# [Aim of the task]
Please print every record below exactly as written, leaving out the pictures.

Data below:

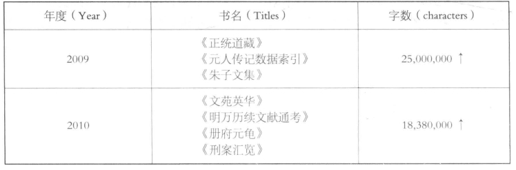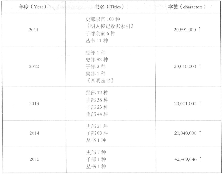 “汉籍全文数据库计划”的建置肇始于1984年,为“史籍自动化计划”的延伸,开发的目标是为了收录对中国传统人文研究具有重要价值的文献,并建立全文电子数据库,以作为学术研究的辅助工具;“汉籍全文数据库”是目前最具规模、数据统整最为严谨的中文全文数据库之一;数据库内容包括经、史、子、集四部,其中以史部为主,经、子、集部为辅。若以类别相属,又可略分为宗教文献、医药文献、文学与文集、政书、类书与史料汇编等,二十余年来累计收录历代典籍已达934种(新增书目),5亿2596万字,内容几乎涵括了所有重要的典籍[5]。数据库新增典籍如表3-1所示。
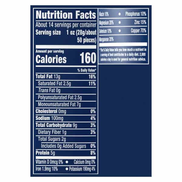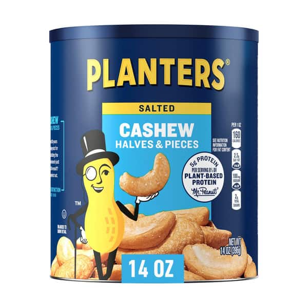 At half the size but with all the classic cashew taste you love, PLANTERS Salted Cashew Halves & Pieces are the ultimate in snack satisfaction. After more than a century of roasting, tweaking, and perfecting salty snacks, the makers of PLANTERS nuts know a thing or two about satisfying your cravings. These impressively creamy cashews are roasted to crunchy precision in peanut oil then seasoned with sea salt to create the savory flavor you know and love. A classic snack at parties, family game nights, and holiday get-togethers, these seasoned cashews are also delicious as snacks for road trips, lunch boxes, picnics, hikes or even at the office. Each 1oz Kosher serving of salted cashew halves contains 5 grams of plant-based protein and 160 calories to help curb your hunger and keep you going between meals. They come in a convenient 14 oz airtight container with a resealable lid to keep them fresh and flavorful. All trademarks, logos and images are owned by Hormel Foods Corporation, its subsidiaries and affiliates. Copyright Hormel Foods, LLC
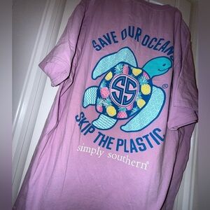 SIMPLY SOUTHERN T - Shirt Women's L Cotton Lavender Purple SS "Save Our Oceans"
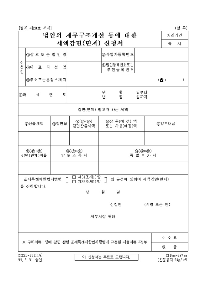 법인의재무구조개선등에대한세액감면(면제)신청서 양식입니다.
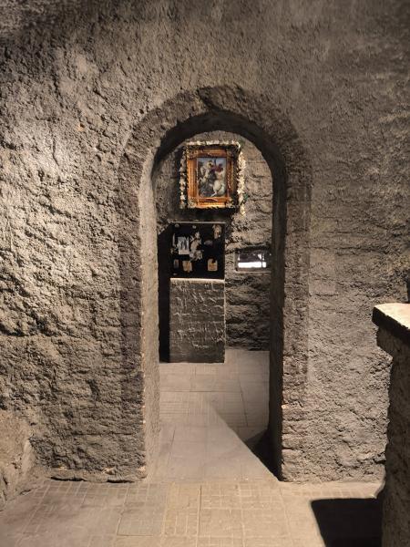 Ez a fotó a Szent Sergius és Bacchus templom (arab nevén Abu Szerga) altemplomát ábrázolja Kairó kopt negyedében. Ez az egyik legősibb keresztény templom Egyiptomban, a 4–5. században épült, és különösen fontos a keresztény hagyományban, mert a hagyomány szerint itt húzódott meg a Szent Család (Jézus, Mária és József), amikor Egyiptomba menekültek Heródes üldözése elől. A képen látható altemplom – vagyis a barlangszerű kripta – azt a helyet jelképezi, ahol a Szent Család menedéket talált. A sziklából vájt falak és a keskeny átjáró hitelesen idézik meg az ókori helyszínt. A kis oltár fölött ikon látható, amely Jézust és Máriát ábrázolja, körülötte hívők által elhelyezett képekkel és ajándékokkal. - N. L. fotója
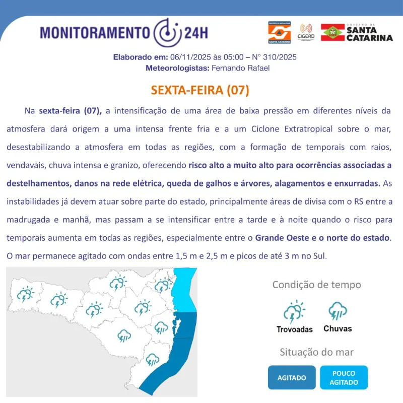 Tendo em vista o Boletim da Defesa Civil de SC, dando conta de que entre esta sexta-feira (07) e o sábado (08) o processo de formação de um ciclone extratropical em alto mar, entre a costa do Sul e do Sudeste do Brasil, favorece o desenvolvimento de temporais com vendaval, chuva intensa, raios e queda de granizo em todo o estado de Santa Catarina, o Prefeito em Exercício de Balneário Gaivota, Jonatã Coelho, reuniu-se com todos os secretários e membros da Defesa Civil, para definir medidas diante da situação.

End of Data.

# [Task solution]
 “汉籍全文数据库计划”的建置肇始于1984年,为“史籍自动化计划”的延伸,开发的目标是为了收录对中国传统人文研究具有重要价值的文献,并建立全文电子数据库,以作为学术研究的辅助工具;“汉籍全文数据库”是目前最具规模、数据统整最为严谨的中文全文数据库之一;数据库内容包括经、史、子、集四部,其中以史部为主,经、子、集部为辅。若以类别相属,又可略分为宗教文献、医药文献、文学与文集、政书、类书与史料汇编等,二十余年来累计收录历代典籍已达934种(新增书目),5亿2596万字,内容几乎涵括了所有重要的典籍[5]。数据库新增典籍如表3-1所示。
 At half the size but with all the classic cashew taste you love, PLANTERS Salted Cashew Halves & Pieces are the ultimate in snack satisfaction. After more than a century of roasting, tweaking, and perfecting salty snacks, the makers of PLANTERS nuts know a thing or two about satisfying your cravings. These impressively creamy cashews are roasted to crunchy precision in peanut oil then seasoned with sea salt to create the savory flavor you know and love. A classic snack at parties, family game nights, and holiday get-togethers, these seasoned cashews are also delicious as snacks for road trips, lunch boxes, picnics, hikes or even at the office. Each 1oz Kosher serving of salted cashew halves contains 5 grams of plant-based protein and 160 calories to help curb your hunger and keep you going between meals. They come in a convenient 14 oz airtight container with a resealable lid to keep them fresh and flavorful. All trademarks, logos and images are owned by Hormel Foods Corporation, its subsidiaries and affiliates. Copyright Hormel Foods, LLC
 SIMPLY SOUTHERN T - Shirt Women's L Cotton Lavender Purple SS "Save Our Oceans"
 법인의재무구조개선등에대한세액감면(면제)신청서 양식입니다.
 Ez a fotó a Szent Sergius és Bacchus templom (arab nevén Abu Szerga) altemplomát ábrázolja Kairó kopt negyedében. Ez az egyik legősibb keresztény templom Egyiptomban, a 4–5. században épült, és különösen fontos a keresztény hagyományban, mert a hagyomány szerint itt húzódott meg a Szent Család (Jézus, Mária és József), amikor Egyiptomba menekültek Heródes üldözése elől. A képen látható altemplom – vagyis a barlangszerű kripta – azt a helyet jelképezi, ahol a Szent Család menedéket talált. A sziklából vájt falak és a keskeny átjáró hitelesen idézik meg az ókori helyszínt. A kis oltár fölött ikon látható, amely Jézust és Máriát ábrázolja, körülötte hívők által elhelyezett képekkel és ajándékokkal. - N. L. fotója
 Tendo em vista o Boletim da Defesa Civil de SC, dando conta de que entre esta sexta-feira (07) e o sábado (08) o processo de formação de um ciclone extratropical em alto mar, entre a costa do Sul e do Sudeste do Brasil, favorece o desenvolvimento de temporais com vendaval, chuva intensa, raios e queda de granizo em todo o estado de Santa Catarina, o Prefeito em Exercício de Balneário Gaivota, Jonatã Coelho, reuniu-se com todos os secretários e membros da Defesa Civil, para definir medidas diante da situação.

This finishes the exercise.